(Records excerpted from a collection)

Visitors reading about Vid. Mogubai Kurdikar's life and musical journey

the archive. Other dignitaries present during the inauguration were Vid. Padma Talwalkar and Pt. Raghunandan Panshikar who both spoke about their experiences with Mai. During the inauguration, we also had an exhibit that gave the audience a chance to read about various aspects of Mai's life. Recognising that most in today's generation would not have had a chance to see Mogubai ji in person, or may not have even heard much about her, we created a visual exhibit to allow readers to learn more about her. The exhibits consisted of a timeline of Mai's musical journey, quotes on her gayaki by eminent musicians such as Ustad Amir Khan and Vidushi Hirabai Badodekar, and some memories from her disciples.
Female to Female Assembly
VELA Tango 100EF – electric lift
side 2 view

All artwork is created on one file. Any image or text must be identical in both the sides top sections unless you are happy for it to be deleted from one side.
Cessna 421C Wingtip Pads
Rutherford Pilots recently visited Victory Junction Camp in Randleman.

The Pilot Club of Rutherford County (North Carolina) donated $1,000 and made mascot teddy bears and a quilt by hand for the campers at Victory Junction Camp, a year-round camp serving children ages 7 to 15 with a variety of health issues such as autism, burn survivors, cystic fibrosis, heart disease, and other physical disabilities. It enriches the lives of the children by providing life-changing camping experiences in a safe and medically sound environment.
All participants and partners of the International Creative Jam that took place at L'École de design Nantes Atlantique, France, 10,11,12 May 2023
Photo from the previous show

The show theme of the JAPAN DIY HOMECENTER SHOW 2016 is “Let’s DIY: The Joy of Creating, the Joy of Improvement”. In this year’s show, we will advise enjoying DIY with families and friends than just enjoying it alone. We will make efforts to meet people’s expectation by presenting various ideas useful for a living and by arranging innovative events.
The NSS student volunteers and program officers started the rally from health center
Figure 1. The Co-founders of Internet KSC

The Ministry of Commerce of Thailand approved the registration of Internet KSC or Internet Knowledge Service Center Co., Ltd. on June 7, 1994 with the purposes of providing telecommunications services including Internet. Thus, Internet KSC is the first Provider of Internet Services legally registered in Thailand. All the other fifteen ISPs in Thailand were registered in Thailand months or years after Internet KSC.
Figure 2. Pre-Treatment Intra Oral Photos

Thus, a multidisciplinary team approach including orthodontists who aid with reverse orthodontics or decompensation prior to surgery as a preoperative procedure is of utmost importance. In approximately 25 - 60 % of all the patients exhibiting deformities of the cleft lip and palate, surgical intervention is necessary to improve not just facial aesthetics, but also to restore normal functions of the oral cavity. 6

Instructions to follow » Above are the records; from them, give again exactly the lines from the one containing "VELA Tango 100EF – electric lift" through the one containing "Photo from the previous show", both included.

Answer to this task »
VELA Tango 100EF – electric lift
side 2 view

All artwork is created on one file. Any image or text must be identical in both the sides top sections unless you are happy for it to be deleted from one side.
Cessna 421C Wingtip Pads
Rutherford Pilots recently visited Victory Junction Camp in Randleman.

The Pilot Club of Rutherford County (North Carolina) donated $1,000 and made mascot teddy bears and a quilt by hand for the campers at Victory Junction Camp, a year-round camp serving children ages 7 to 15 with a variety of health issues such as autism, burn survivors, cystic fibrosis, heart disease, and other physical disabilities. It enriches the lives of the children by providing life-changing camping experiences in a safe and medically sound environment.
All participants and partners of the International Creative Jam that took place at L'École de design Nantes Atlantique, France, 10,11,12 May 2023
Photo from the previous show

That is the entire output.